I worked for 6 years on a large C++ project and we had build times of 15-30 minutes on relatively fast dev machines. Touching anything small and you had to rebuild half the world to compile your module.
I optimized the build, broke dependencies and fixed the precompiled headers and the build times were cut to less than half, while at the same time you could touch most of the CPP files and it would result in compiling 1 file and linking 3-4 executables.

To summarize: a suboptimal build is not the IDE's fault. Also - insufficient resources are not the IDE's fault.
If you do serious development on a large project, yes - you should have at least 32 and even better 64 GB of RAM.
Resources and tools make you productive.

By using a simple text editor you're not fixing the problem with the build. It's just being hidden.
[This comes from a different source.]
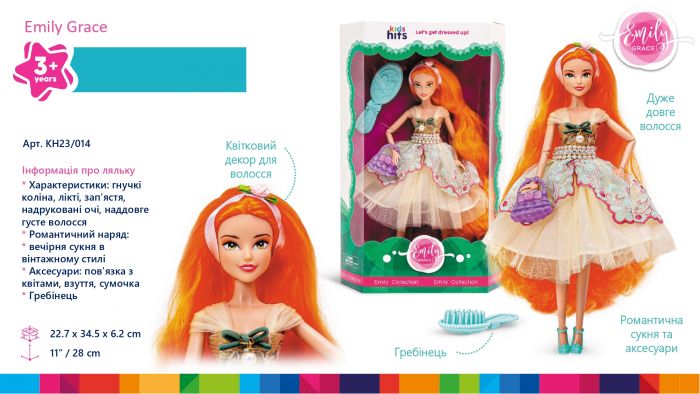 Дитяча іграшка лялька з довгим волоссям Emily Romantic шарнірна KH23/014

Also, Java programs are not slow per se. There's this myth that to make Java programs quicker, you have to reimplement them in C++ or that Assembler programs are faster than C++.
It's the algorithm that makes things slow, not the language. You could write slow or fast programs in any language. Even in Assembler you could shoot yourself in the foot. Even easier than in higher gen languages.
For high performance calculations there are GPUs, for the rest - using abstractions is a good idea.


----------



## D-FENS (Apr 14, 2019)

Spartrekus said:


> Common humans are used to wait in front of their monitors (soft, win updates, login, ...), or to go to the store to get a better hardware, as recommends Microsoft.
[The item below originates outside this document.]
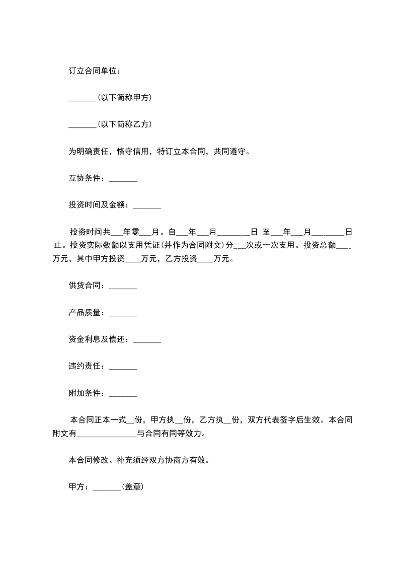 投资时间共___年零___月。自___年___月________日 至___年___月________日 止。投资实际数额以支用凭证(并作为合同附文)分___次或一次支用。投资总额____万元,其中甲方投资____万元,乙方投资____万元。

Unfortunately yes. In my opinion we should be changing that in a couple of ways:

make things asynchronous and parallel
optimize algorithms to avoid repeating operations
better hardware (this is a given anyway)
better abstractions
And I believe all these are coming gradually.


----------



## badbrain (Apr 14, 2019)

roccobaroccoSC said:


> From the word "indexing" I deduce that your message relates to CDT. I am not endorcing Eclipse for any kind of C++ development.
> 
> I use eclipse with Java and that's in my opinion its strongest part.
> 
> ...


My project is Java. My college teach Java. A not so complex project. Most of the time students are instructed to delete their workspace and import old projects when thing get stuck or slow down.


----------



## D-FENS (Apr 14, 2019)

badbrain said:


> My project is Java. My college teach Java. A not so complex project. Most of the time students are instructed to delete their workspace and import old projects when thing get stuck or slow down.
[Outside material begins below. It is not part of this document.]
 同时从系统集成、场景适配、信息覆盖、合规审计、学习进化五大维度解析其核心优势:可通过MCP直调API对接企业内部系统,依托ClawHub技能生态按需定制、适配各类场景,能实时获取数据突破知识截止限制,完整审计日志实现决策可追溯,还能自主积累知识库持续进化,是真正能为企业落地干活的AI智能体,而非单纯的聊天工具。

From my experience one should be extra careful about the plugins one installs. I have seen some really bad eclipse plugins that totally screw everything and you have to wait for ages for them to build. These plugins should be removed.
This is the reason I don't install the prepackaged Eclipses but start with a bare plaftorm. The prepackaged ones don't allow you to remove their parts.
One example for a bad plugin would be the JPA project configurator from the J2EE platform tools. On a workspace with ~50 projects it goes crazy and you have to wait for 15 minutes when you load your workspace.

One bad habit of eclipse is to block your workflow while doing something. The app is single threaded and that's a side effect. This is one of its biggest downsides IMHO.

With that said, when working on large projects, one has to carefully configure the workspace and the plugins so that they work in an optimal way. I personally use workspaces with 100-200 projects without any problem.
One of the nice things is, because Eclipse is based on OSGi, it persists its state on disk. So when you start it next time, everything is loaded and good to go....
Compilation is also done extremely efficiently and your code gets compiled while you edit it. Very nice.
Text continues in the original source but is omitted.